Daddinounou Salah, Vatajelu Elena-Ioana
TIMA, Grenoble INP, Univ. Grenoble Alpes, Grenoble, France.
Front Neurosci. 2024 May 15;18:1387339. doi: 10.3389/fnins.2024.1387339. eCollection 2024.
In this study, we explore spintronic synapses composed of several Magnetic Tunnel Junctions (MTJs), leveraging their attractive characteristics such as endurance, nonvolatility, stochasticity, and energy efficiency for hardware implementation of unsupervised neuromorphic systems.

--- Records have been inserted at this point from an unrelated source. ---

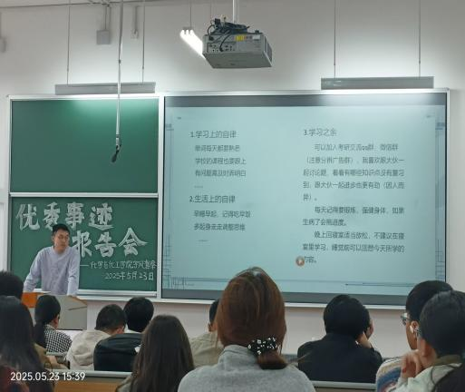 来自22级制药工程专业的国家奖学金获得者李玉豪,以4.13的GPA和国家级竞赛奖项,展现了卓越的学术追求;以90小时的志愿服务,彰显新时代青年的社会担当;他重点分享了在参与实验研究及竞赛过程中所遇到的困难、解决问题的过程等方面的宝贵经验。21级化工专业成佳璐,以4.313的学分绩点稳居专业第一,累计斩获15项荣誉奖项与4项国家级竞赛奖项,并成功推免至中国科学院大学攻读硕士学位,她热情分享了自己在学习、竞赛、学生工作方面的付出与努力,为同学们提供了宝贵经验。已考取西安交通大学研究生的张博恒,以清晰的逻辑分享了考研全流程经验,从择校策略、自律管理到资料准备,详细解析了每个阶段的关键点,强调“规划先行”的重要性。
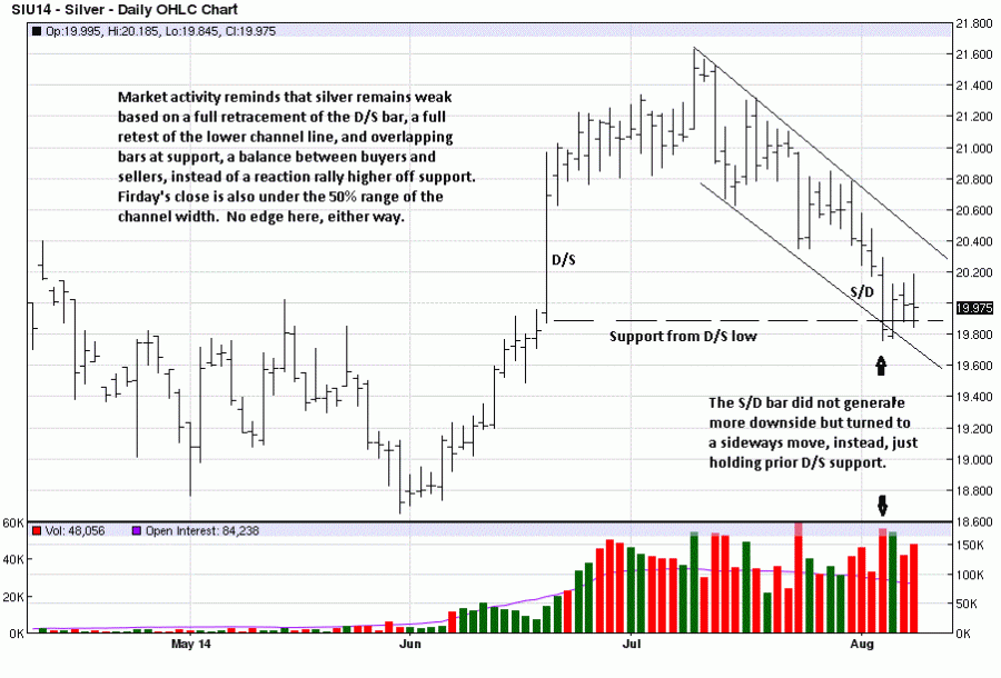 Gold had its strongest rally since the July swing high, but the read of Friday’s bar activity suggests sellers won the battle that day. It has not worked to buy high for breakouts in gold, so one must be more select when working the buy side.
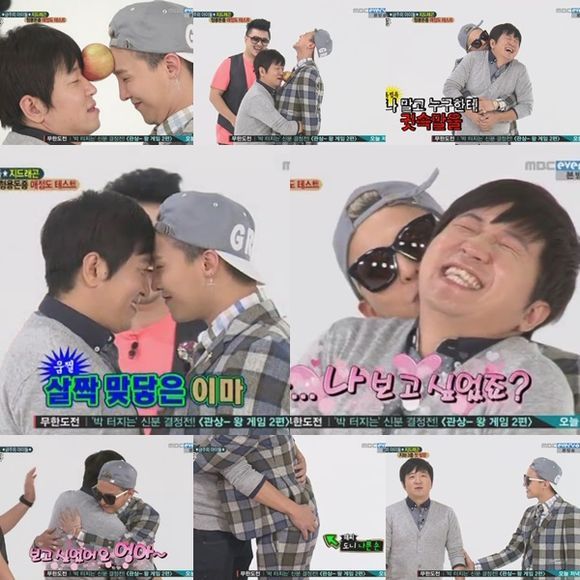마지막으로 손을 사용하지 않고 오로지 얼굴로만 사과를 배까지 옮기는 애정도 테스트를 했다. 지드래곤은 민망한 자세에 얼굴까지 빨개졌고 정형돈의 리드로 테스트를 통과, 애정을 과시했다.
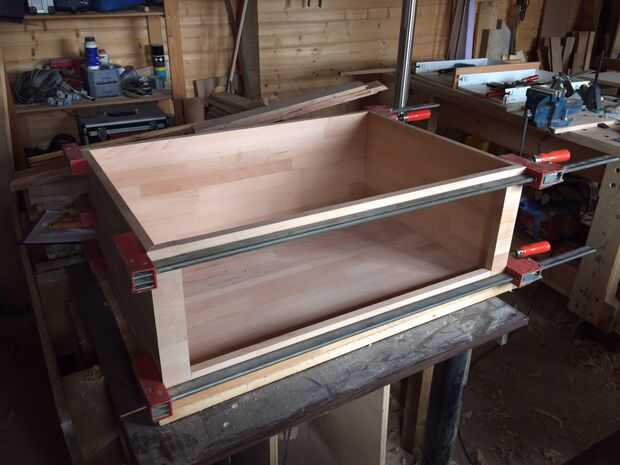 El cuerpo de la tabla se pega junto con espigas domino. Quería usar tornillos como pocos como sea posible porque esto será utilizado por los perros y quería metal como pocos como sea posible para evitar oxidación si en contacto con líquidos

Spiking Neural Networks (SNNs) running on dedicated hardware are suitable for edge computing and IoT devices where continuous online learning and energy efficiency are important characteristics. We focus in this work on synaptic plasticity by conducting comprehensive electrical simulations to optimize the MTJ-based synapse design and find the accurate neuronal pulses that are responsible for the Spike Timing Dependent Plasticity (STDP) behavior. Most proposals in the literature are based on hardware-independent algorithms that require the network to store the spiking history to be able to update the weights accordingly. In this work, we developed a new learning rule, the Bi-Sigmoid STDP (B2STDP), which originates from the physical properties of MTJs. This rule enables immediate synaptic plasticity based on neuronal activity, leveraging in-memory computing. Finally, the integration of this learning approach within an SNN framework leads to a 91.71% accuracy in unsupervised image classification, demonstrating the potential of MTJ-based synapses for effective online learning in hardware-implemented SNNs.
在本研究中,我们探索了由多个磁性隧道结(MTJ)组成的自旋电子突触,利用其诸如耐久性、非易失性、随机性和能源效率等吸引人的特性,用于无监督神经形态系统的硬件实现。在专用硬件上运行的脉冲神经网络(SNN)适用于边缘计算和物联网设备,在这些设备中,持续在线学习和能源效率是重要特性。在这项工作中,我们通过进行全面的电学模拟来优化基于MTJ的突触设计,并找到负责脉冲时间依赖可塑性(STDP)行为的精确神经元脉冲,从而专注于突触可塑性。文献中的大多数提议基于与硬件无关的算法,这些算法要求网络存储脉冲历史以便能够相应地更新权重。在这项工作中,我们开发了一种新的学习规则,即双Sigmoid STDP(B2STDP),它源自MTJ的物理特性。该规则基于神经元活动实现即时突触可塑性,利用内存计算。最后,将这种学习方法集成到SNN框架中,在无监督图像分类中实现了91.71%的准确率,证明了基于MTJ的突触在硬件实现的SNN中进行有效在线学习的潜力。